Un autre jour, plus récemment, je reçois un mail d’une jeune fille allemande, que j’avais vue il y a un an, rapidement. Elle avait cherché à découvrir mon signe zodiacal ; elle en a proposé un, échec, puis un autre, échec ; je lui dis finalement, elle dit en gros : ah, oui, c’était ça. Elle dit qu’elle a une sensibilité spéciale pour cela. Qu’on ne se méprenne pas : c’est une fille intelligente et très sensible en effet, sur le plan humain. Mais… astrologue. C’est à dire, utilisant ce filtre, et disant : c’est avec que je vois le mieux. Elle m’envoie donc, dans ce mail, les instructions pour la nouvelle année du Dalaï-Lama en personne. Qu’il faut s’aimer, soi, les autres, être en harmonie, ne pas oublier de faire le vide etc. Rien de méchant ni de nocif là-dedans. Mais… je suis français, je me sens bien, placé dans la tradition des philosophes et de la pensée libre ; des exemples, mais pas d’Autorités. Voir sur ce sujet ce qu’en a dit untel, mais pas recopier mot pour mot ; ou, recopier, si cela semble totalement juste ; mais avant, réviser, ou après, compléter. Alors, je devrais faire ce que dit le Dalaï-Lama (avec lequel je suis en gros en accord), parce qu’il le dit ?
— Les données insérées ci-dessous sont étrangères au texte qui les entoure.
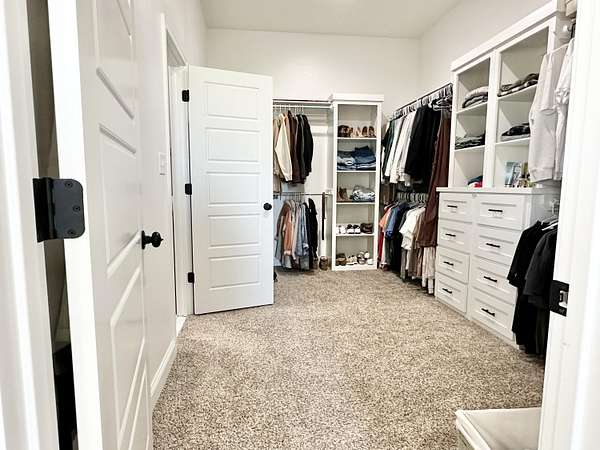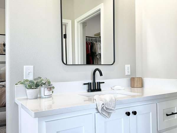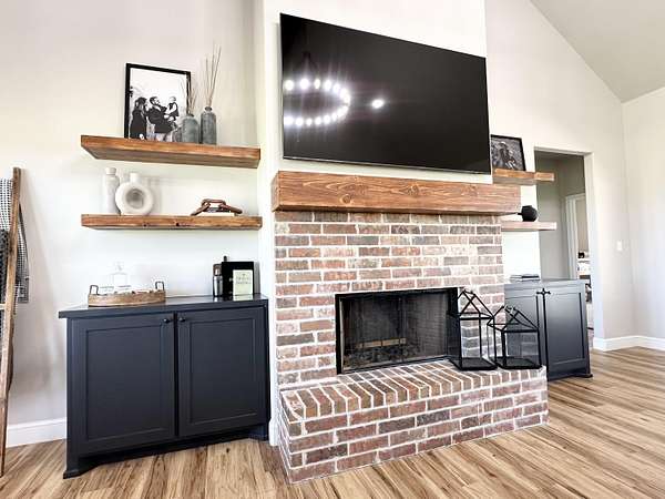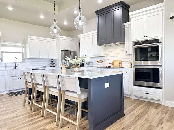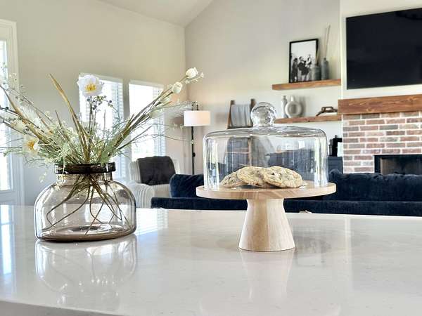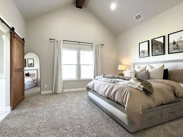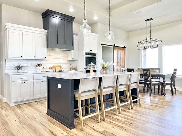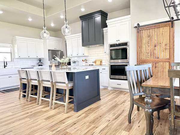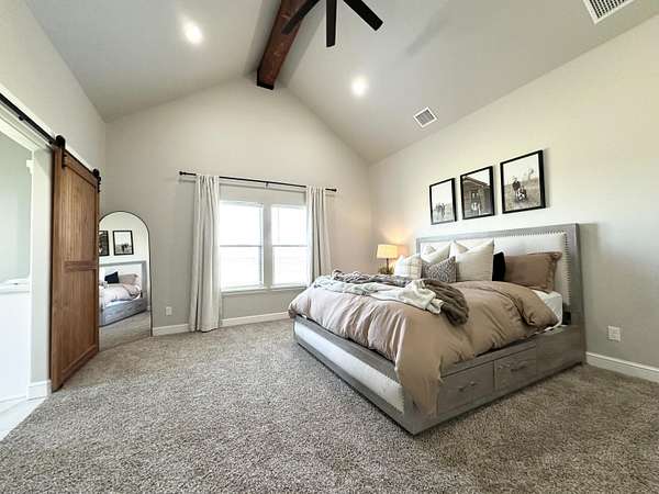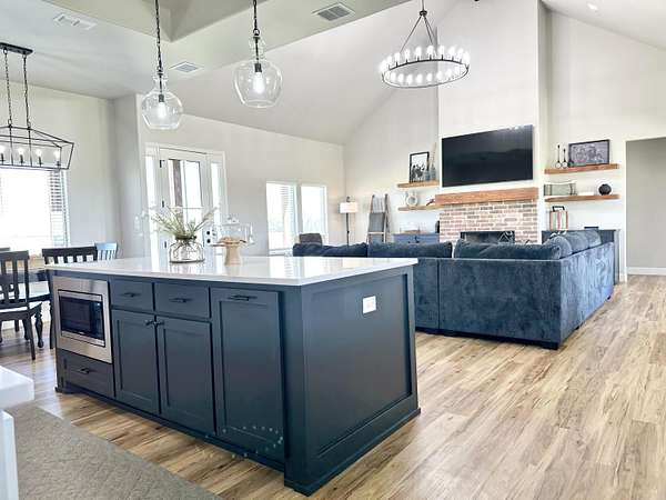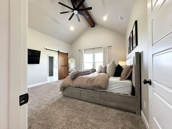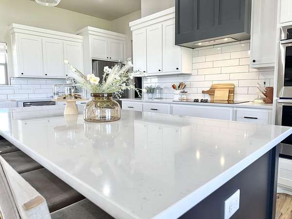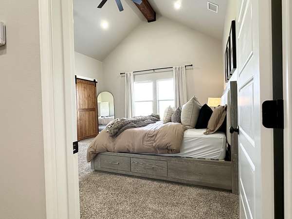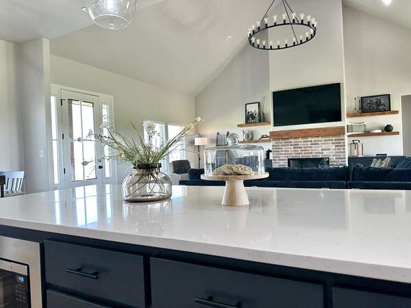 - Beamed Ceilings, Built-In Features, Cathedral Ceiling(s), Ceiling Fan(s), Chandelier, Double Vanity, Eat-In Kitchen, High Ceilings, Kitchen Island, Open Floorplan, Pantry, Quartz Counters, Recessed Lighting, Soaking Tub, Vaulted Ceiling(s), Walk-In Closet(s)

Il y avait une consigne à la fin des instructions du tibétain : supprimer ce message avant 96 heures, et il vous arrivera quelque chose d’heureux. J’ai supprimé en 5 secondes, – mais je n’attends rien de cela précisément.

Alors voilà. L’athéisme n’est certainement pas une chose très répandue ; ce qui domine, c’est sans doute, d’une part une indifférence religieuse floue, de l’autre une brumeuse croyance. Mais, si peu souvent une pensée bien mûrie. Moi, je sais pourquoi le christianisme (plutôt protestant) m’attirerait ; et je sais que je ne pourrai pas avoir la foi. En conséquence, je suis athée. Mais toute cette part de la croyance vague, du temps des sectes et des religions de supermarché ? Seigneur, pardonne tous ces fous qui se signent pêle-mêle devant charlatans-médicastres, astrologues, chamanes, gourous, prêtres, ministres, sorciers et guérisseurs. Une morale d’ici-bas et une bonne acceptation (nietzschéenne ?) du monde, ce n’est pas pour aujourd’hui, ce n’est pas pour demain.